::: RECORDS FOR PROCESSING

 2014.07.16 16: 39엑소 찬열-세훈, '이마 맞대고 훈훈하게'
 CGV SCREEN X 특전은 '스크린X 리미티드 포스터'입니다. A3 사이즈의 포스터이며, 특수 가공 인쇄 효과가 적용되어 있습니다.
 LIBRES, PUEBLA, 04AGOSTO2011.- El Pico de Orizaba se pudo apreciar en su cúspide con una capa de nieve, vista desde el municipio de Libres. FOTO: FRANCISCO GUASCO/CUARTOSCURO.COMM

::::::
::: RECORDS FOR PROCESSING

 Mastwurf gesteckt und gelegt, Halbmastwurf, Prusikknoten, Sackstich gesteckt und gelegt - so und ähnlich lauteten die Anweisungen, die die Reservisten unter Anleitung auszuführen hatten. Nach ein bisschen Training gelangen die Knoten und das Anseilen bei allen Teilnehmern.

::::::

-- WHAT YOU ARE ASKED TO DO --
Taking the records above, retype every line from the one with "2014.07.16 16: 39엑소 찬열-세훈, '이마 맞대고 훈훈하게'" down to the one with "CGV SCREEN X", exactly and with nothing else.

-- WRITTEN ANSWER --
 2014.07.16 16: 39엑소 찬열-세훈, '이마 맞대고 훈훈하게'
 CGV SCREEN X 특전은 '스크린X 리미티드 포스터'입니다. A3 사이즈의 포스터이며, 특수 가공 인쇄 효과가 적용되어 있습니다.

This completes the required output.